Game Changer Profile
Scott Carr, CEO at Modria Read insights
As CEO of Modria—the pioneering Online Dispute Resolution (ODR) platform—Scott Carr provides businesses and government agencies globally with a transformational tool for fast and fair resolutions, customer service efficiency, and even brand loyalty. The model provides a unique pathway to justice and institutional trust for global consumers, and is rapidly growing beyond transactional disputes. After 15 years of development and technological enablement, ODR itself has surged beyond its initial brief of legal cost savings and eCommerce complaint solutions to become a game-changing catalyst for brand building, civil justice access, and marketing intelligence. Carr says that between one and three percent of all transactions go wrong each year, and that clogged Small Claims courts are unable to cope with either the volume or the cross-border jurisdictional nature of online disputes, while consumers have neither the time nor the resources to pursue them through traditional channels.
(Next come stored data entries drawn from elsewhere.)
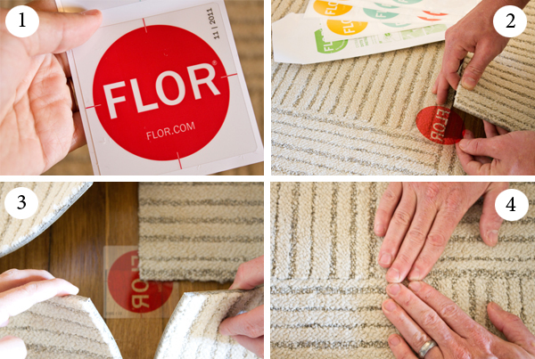 Then, wherever four carpet tiles come together, lift the corner edge of one carpet tile up and stick a FLOR dot to it (sticky side up), using the lines printed on the sticker as your guide. (photo 2)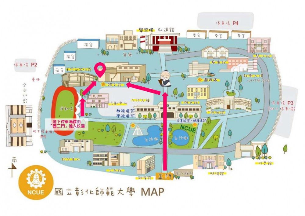 二、報到地點:本校進德校區體育館1F(彰化市進德路1號),請從靠田徑場之入口進入。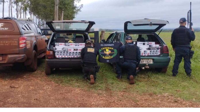 Policiais militares do DOF (Departamento de Operações de Fronteira) apreenderam, na manhã desta terça-feira (28), dois veículos carregados com 700 pacotes de cigarros de origem estrangeira, sem a documentação legal exigida para o comércio no Brasil.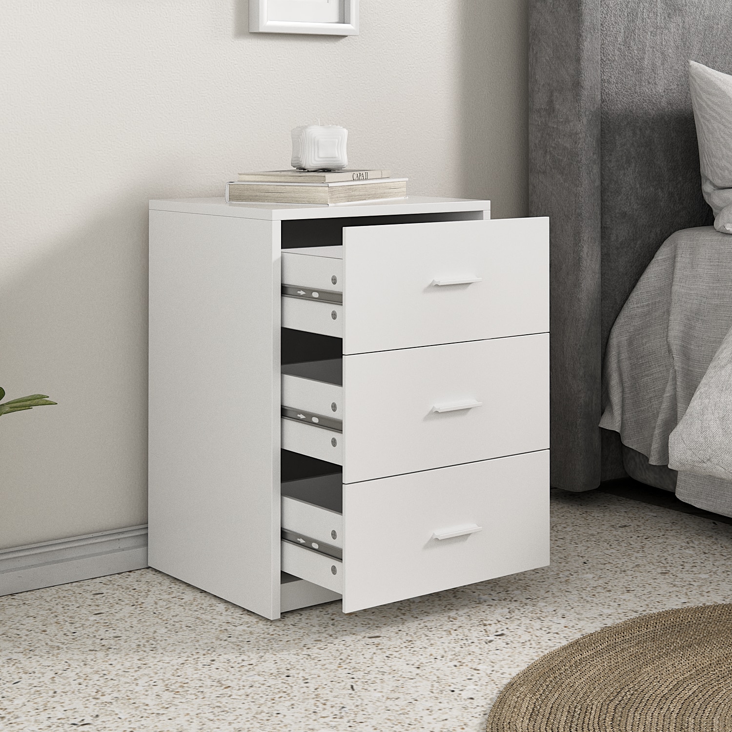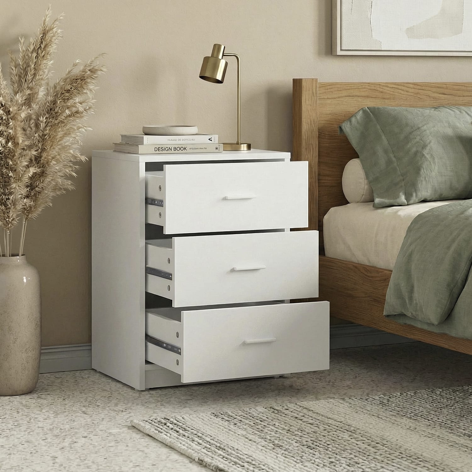 3 מגירות מרווחות לאחסון נוח ונגיש מסילות נוחות וידיות מודרניות לפתיחה קלה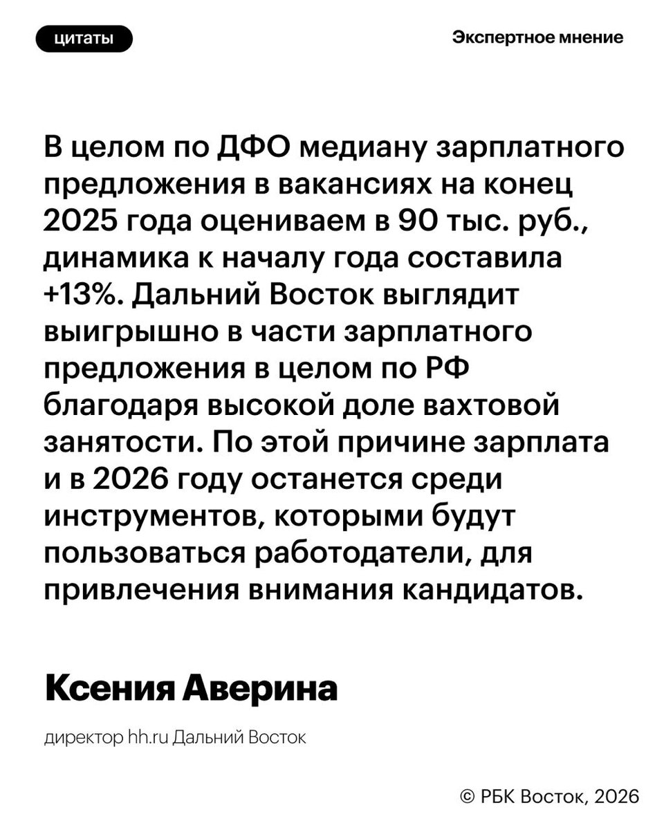 ? Рекрутинговый портал hh.ru специально для РБК Восток проанализировали тренды 2025 года и дали прогноз на 2026-й. Эксперты пришли к выводу, что на Дальнем Востоке отсутствуют предпосылки для развития «рынка работодателя» – кадровый запас пока остается ограниченным. Однако зарплатная гонка уходит в прошлое: массового повышения уже не будет. Подробнее – читайте в нашем материале 🔗 РБК Восток в Telegram и MAX

As Director of Dispute Resolution at eBay and PayPal between 2003 and 2011, Modria’s co-founder, Colin Rule, designed a system that resolved 90 percent of some 60 million annual disputes through a disruptive software system, and without the need for any human involvement in the resolution. While parties retained the right to appeal the outcome to court, the astonishing result was that 99.9 percent of the tens of millions of parties involved were sufficiently satisfied that they did not appeal—surely an outcome with profound implications for the future of global civil justice itself. Modria has since innovated a modular SaaS platform to resolve a wide variety disputes at scale—from relational disputes to insurance claim conflicts—where the company designs and manages a software-driven system involving diagnosis, negotiation, mediation, and, in rare cases, arbitration. Carr says, “Our innovation is in user experience, process design, and then using data to help create better experiences.”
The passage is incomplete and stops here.